Published online: 10 May 2013

© Psychonomic Society, Inc. 2013

Abstract The concept of perceptual independence is ubiquitous in psychology. It addresses the question of whether two (or more) dimensions are perceived independently. Several authors have proposed perceptual independence (or its lack thereof) as a viable measure of holistic face perception (Loftus, Oberg, & Dillon, Psychological Review 111:835-863, 2004; Wenger & Ingvalson, Learning, Memory, and Cognition 28:872-892, 2002). According to this notion, the processing of facial features occurs in an interactive manner. Here, I examine this idea from the perspective of two theories of perceptual independence: the multivariate uncertainty analysis (MUA; Garner & Morton, Definitions, models, and experimental paradigms. Psychological Bulletin 72:233-259, 1969), and the general recognition theory (GRT; Ashby & Townsend, Psychological Review 93:154-179, 1986). The goals of the study were to (1) introduce the MUA, (2) examine various possible relations between MUA and GRT using numerical simulations, and (3) apply the MUA to two consensual markers of holistic face perception-recognition of facial features (Farah, Wilson, Drain, & Tanaka, Psychological Review 105:482-498, 1998) and the composite face effect (Young, Hellawell, & Hay, Perception 16:747-759, 1987). The results suggest that facial holism is generated by violations of several types of perceptual independence. They highlight the important theoretical role played by converging operations in the study of holistic face perception.

Keywords Perceptual organization · Face perception Face recognition

(ProQuest: ... denotes formulae omitted.)

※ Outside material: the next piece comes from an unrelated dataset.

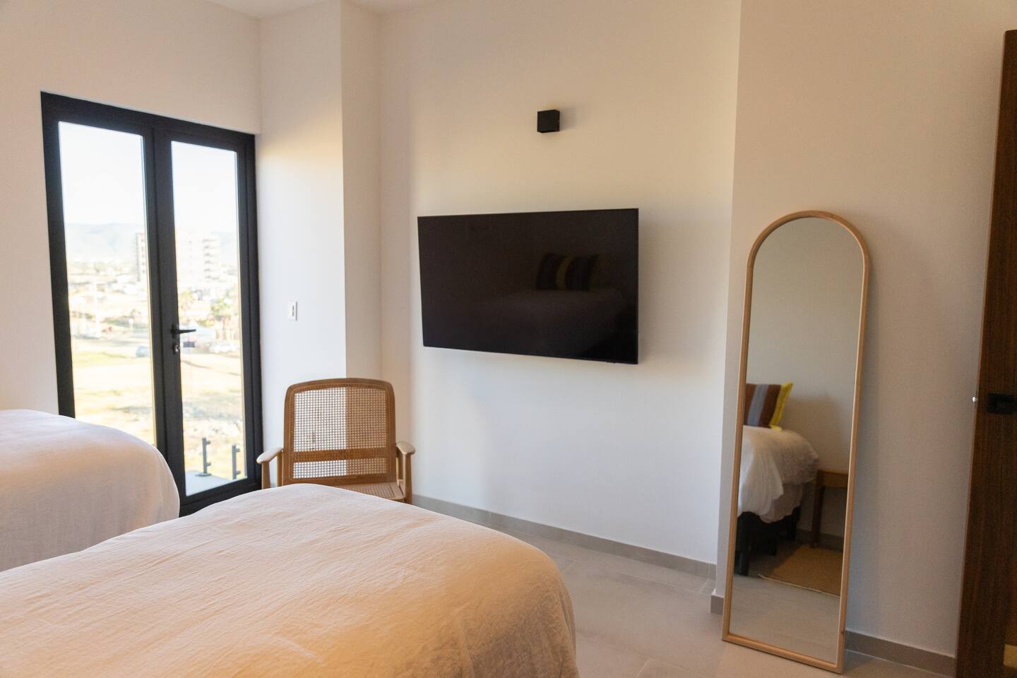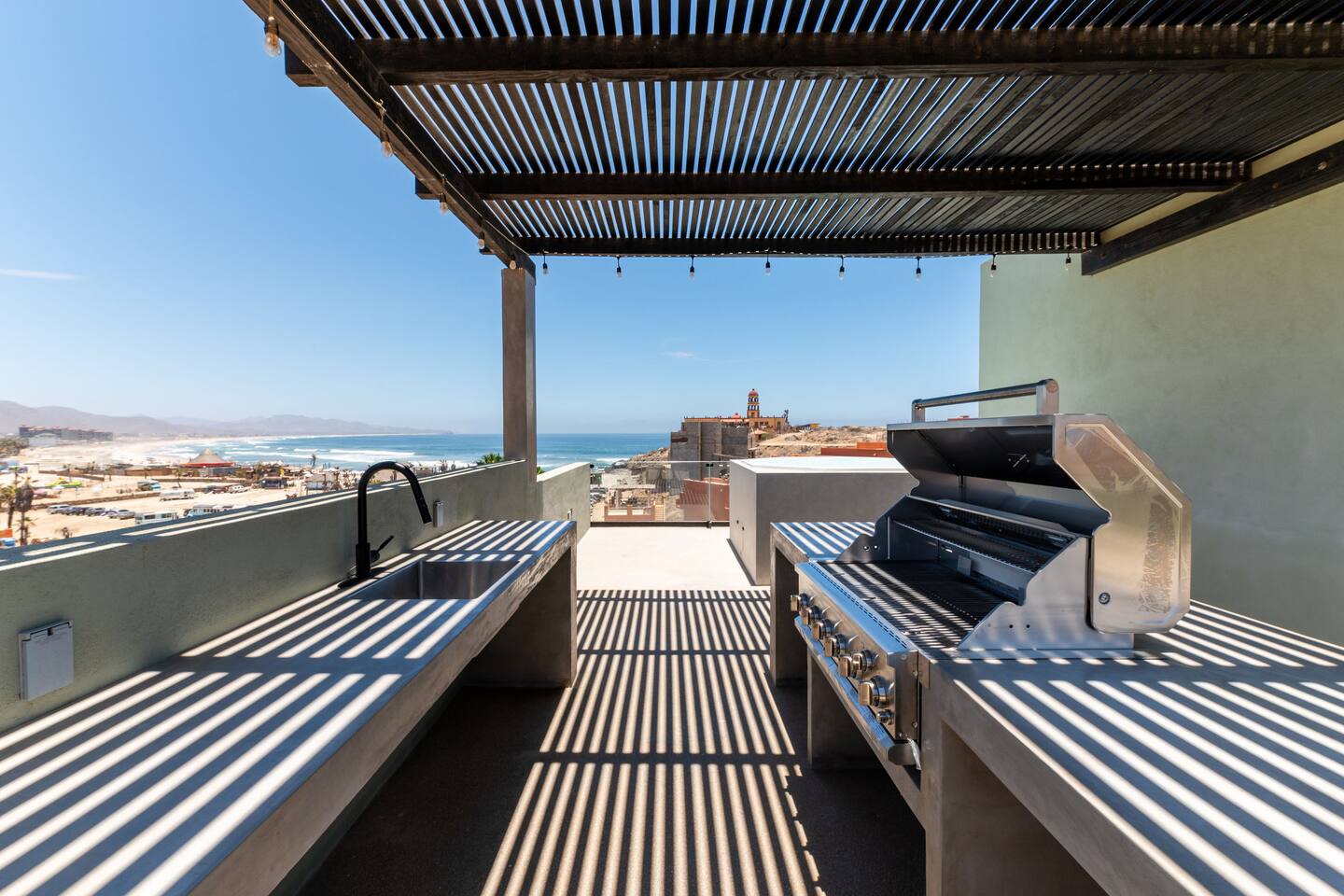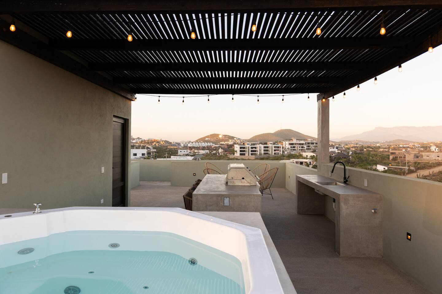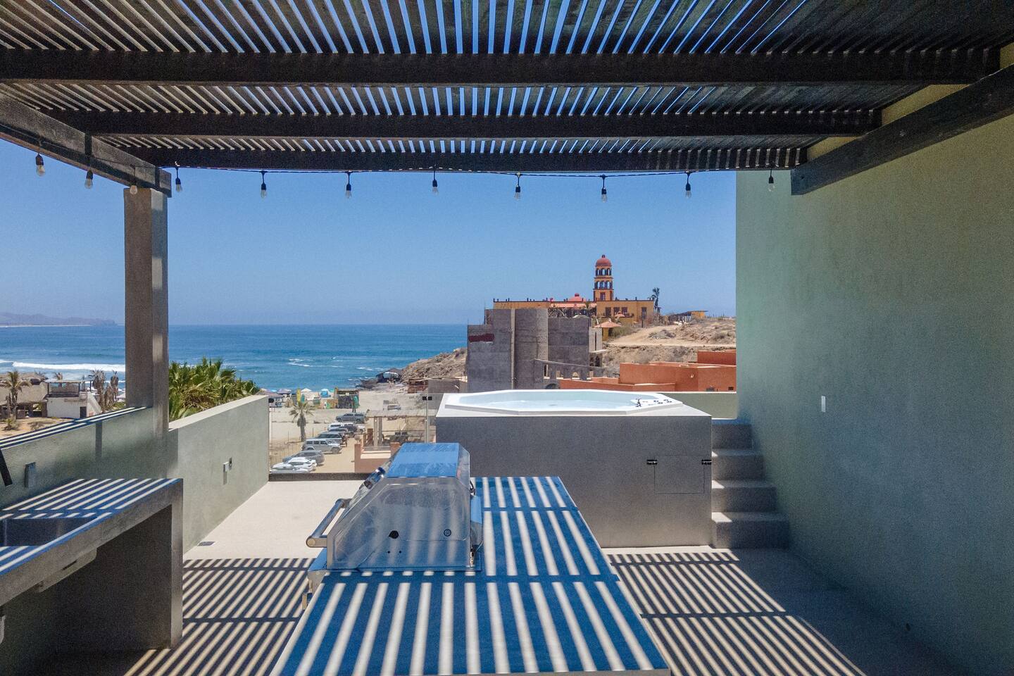 The Space Pico del Punto is a brand-new penthouse condo designed for guests who want an elevated surf experience with comfort, privacy, and ease. 🌊 Penthouse Location Set at the top of the complex, the unit offers full ocean views, added privacy, and a quieter atmosphere than lower-level condos. Natural light, warm finishes, and an open layout create a calm, welcoming space. 🛏 Comfortable, Thoughtful Layout Ideal for two couples or a family, the penthouse includes two bedrooms, modern bathrooms, and open living and dining areas perfect for relaxing after beach days. ☕ Two Private Patios Enjoy morning coffee, midday shade, or quiet downtime on two separate private patios. 🌅 Private Rooftop — Exclusively Yours The rooftop is private to the penthouse only and not shared with other units. Upstairs you’ll find panoramic ocean views, a rooftop soaking tub, grill, chaise lounges, and space to unwind. Sunset drinks, stargazing, and quiet evenings are part of the rhythm here. 🏄 Steps to Cerritos Beach Walk to the sand in under a minute. Cerritos Beach is one of Baja’s most iconic surf breaks, suitable for beginner through expert surfers depending on conditions. We’re happy to recommend surf lessons and board rentals, and we provide beach chairs, boogie boards, and a soft-top surfboard. ✨ Everything here is designed to feel easy — from beach access to quiet nights back home.

When presented with a face, one often gets the impression that the eyes, nose, and mouth coalesce into a unified whole. The facial features are glued together so that observers find it difficult to dissect the face into its constituent components. It is this experience that makes faces a popular textbook case of holistic or Gestalt perception. The example illustrates the notion that interactions or interdependencies among sources of information (e.g., facial features) govern perception (Diamond & Carey, 1986; Farah, Wilson, Drain, & Tanaka, 1998; Galton, 1879; Young, Hellawell, & Hay, 1987).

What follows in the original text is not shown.